(Stored items)
######
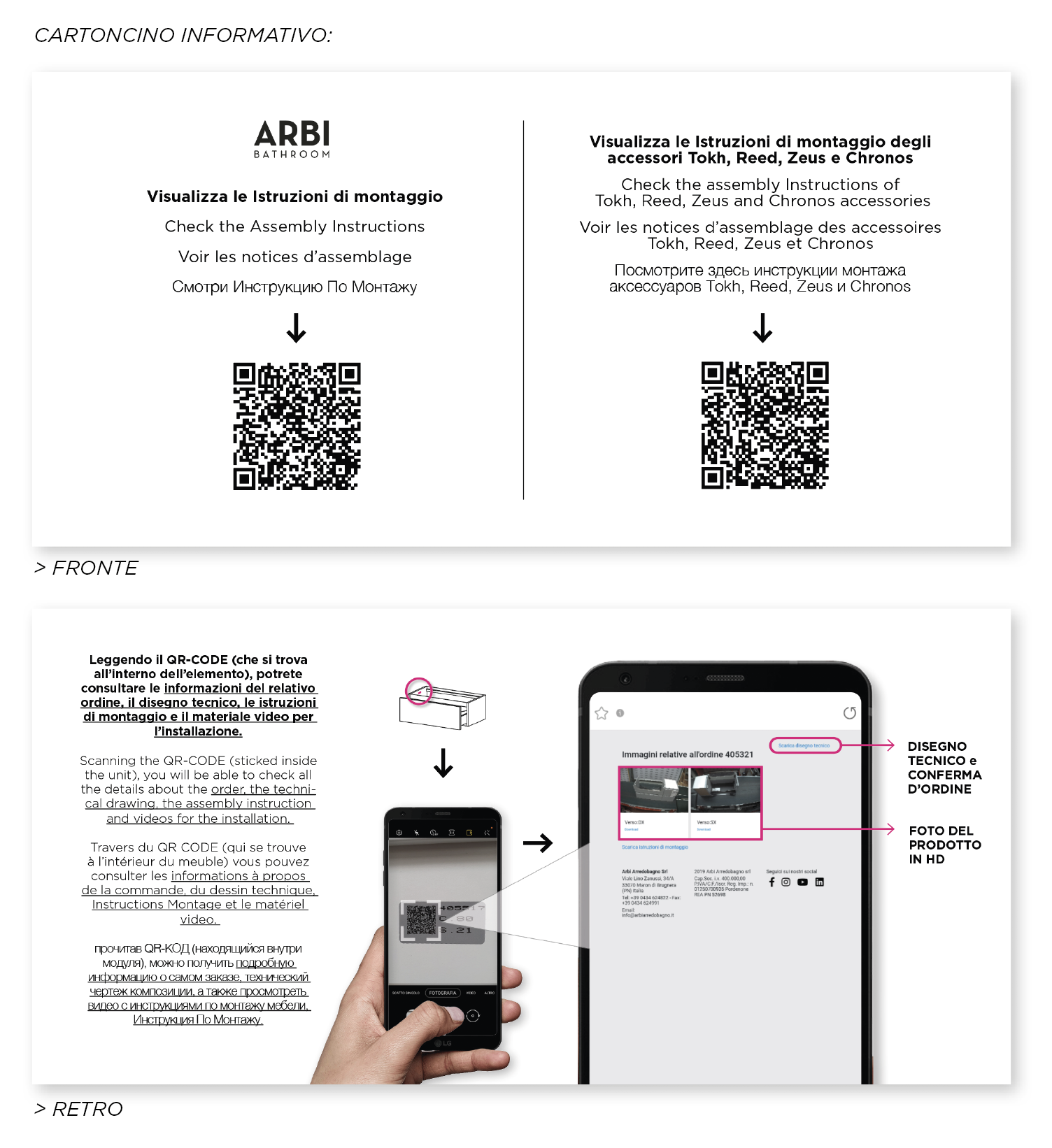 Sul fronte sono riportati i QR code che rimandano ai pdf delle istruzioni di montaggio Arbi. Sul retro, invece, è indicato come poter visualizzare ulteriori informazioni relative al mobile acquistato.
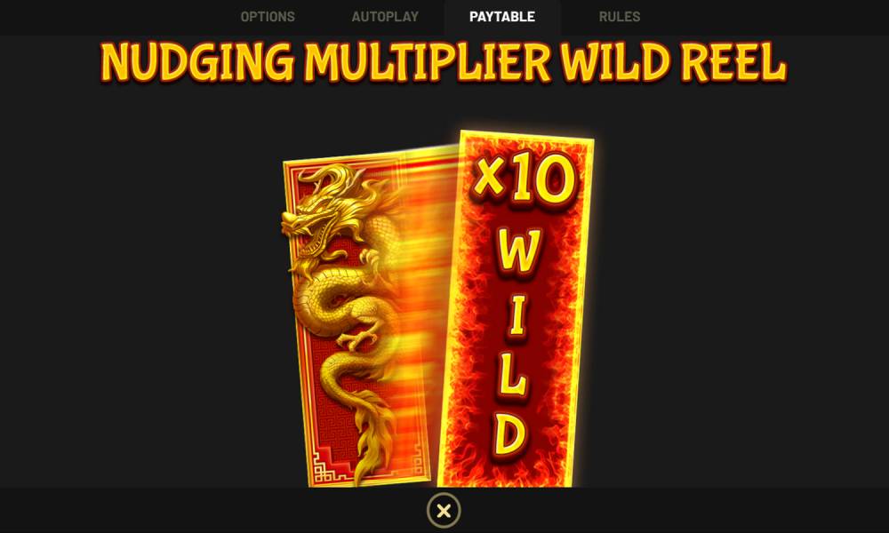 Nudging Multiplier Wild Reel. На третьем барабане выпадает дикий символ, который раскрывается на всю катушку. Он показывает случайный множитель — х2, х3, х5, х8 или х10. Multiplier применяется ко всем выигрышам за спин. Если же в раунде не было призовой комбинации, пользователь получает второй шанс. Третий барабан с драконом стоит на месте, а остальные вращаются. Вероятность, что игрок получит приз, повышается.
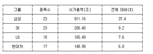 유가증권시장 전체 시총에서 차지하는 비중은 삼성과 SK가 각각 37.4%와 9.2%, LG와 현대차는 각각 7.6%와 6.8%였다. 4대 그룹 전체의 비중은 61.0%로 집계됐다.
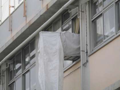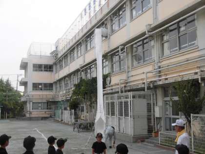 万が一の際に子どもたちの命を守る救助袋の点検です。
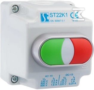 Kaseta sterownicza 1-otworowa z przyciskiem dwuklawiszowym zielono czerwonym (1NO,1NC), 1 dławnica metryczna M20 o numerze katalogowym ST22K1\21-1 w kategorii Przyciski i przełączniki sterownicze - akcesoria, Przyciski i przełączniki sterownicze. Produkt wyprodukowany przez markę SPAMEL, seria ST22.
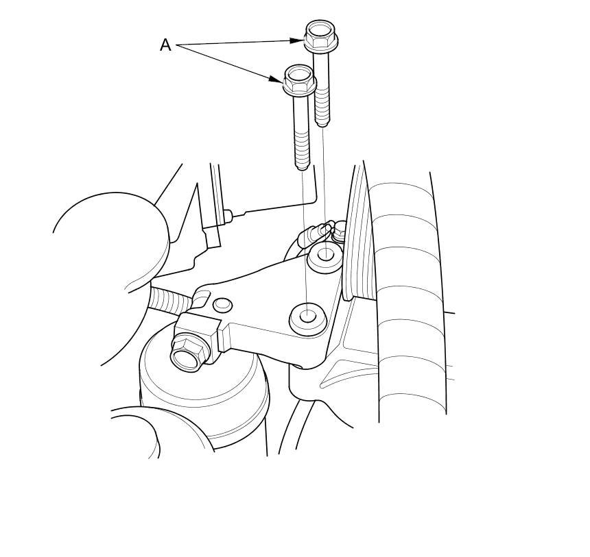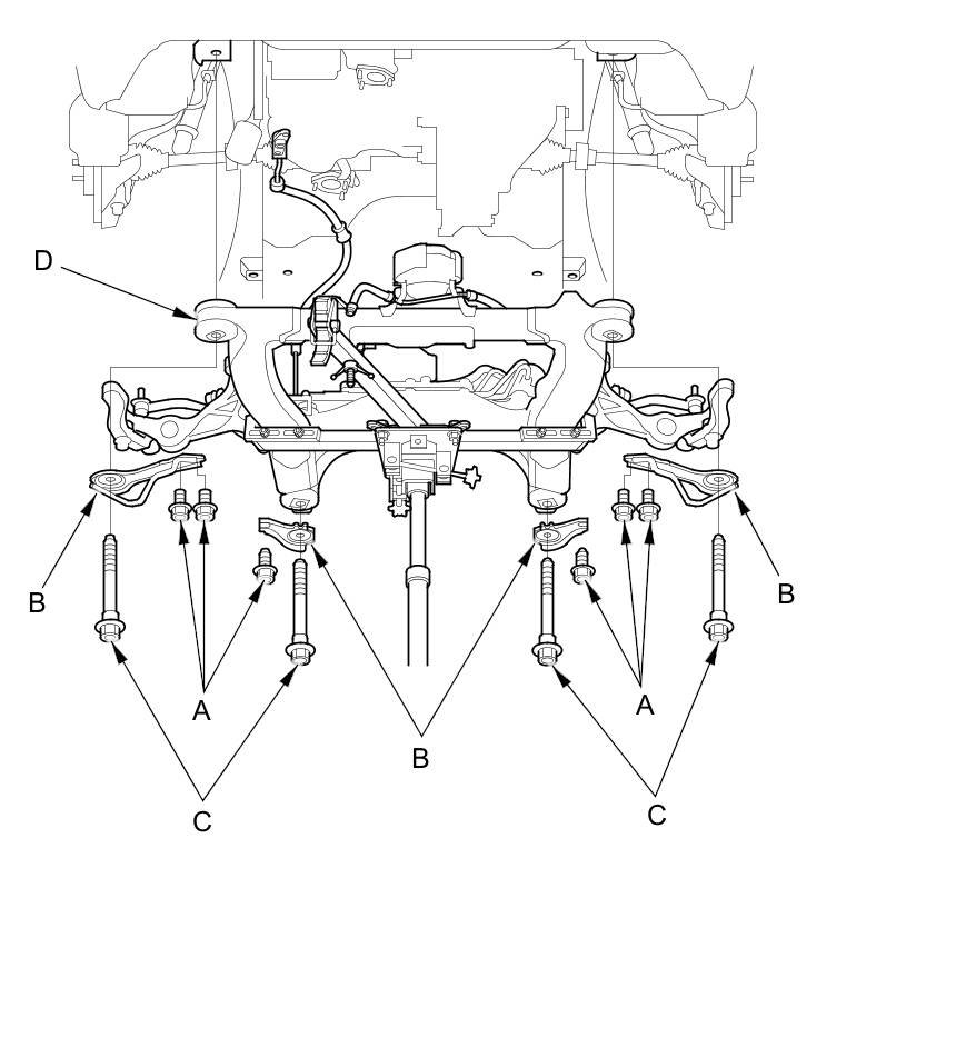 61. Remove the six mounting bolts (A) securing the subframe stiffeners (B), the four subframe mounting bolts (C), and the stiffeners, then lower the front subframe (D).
######
All of the lines above should be printed exactly, minus the pictures.

 Sul fronte sono riportati i QR code che rimandano ai pdf delle istruzioni di montaggio Arbi. Sul retro, invece, è indicato come poter visualizzare ulteriori informazioni relative al mobile acquistato.
 Nudging Multiplier Wild Reel. На третьем барабане выпадает дикий символ, который раскрывается на всю катушку. Он показывает случайный множитель — х2, х3, х5, х8 или х10. Multiplier применяется ко всем выигрышам за спин. Если же в раунде не было призовой комбинации, пользователь получает второй шанс. Третий барабан с драконом стоит на месте, а остальные вращаются. Вероятность, что игрок получит приз, повышается.
 유가증권시장 전체 시총에서 차지하는 비중은 삼성과 SK가 각각 37.4%와 9.2%, LG와 현대차는 각각 7.6%와 6.8%였다. 4대 그룹 전체의 비중은 61.0%로 집계됐다.
 万が一の際に子どもたちの命を守る救助袋の点検です。
 Kaseta sterownicza 1-otworowa z przyciskiem dwuklawiszowym zielono czerwonym (1NO,1NC), 1 dławnica metryczna M20 o numerze katalogowym ST22K1\21-1 w kategorii Przyciski i przełączniki sterownicze - akcesoria, Przyciski i przełączniki sterownicze. Produkt wyprodukowany przez markę SPAMEL, seria ST22.
 61. Remove the six mounting bolts (A) securing the subframe stiffeners (B), the four subframe mounting bolts (C), and the stiffeners, then lower the front subframe (D).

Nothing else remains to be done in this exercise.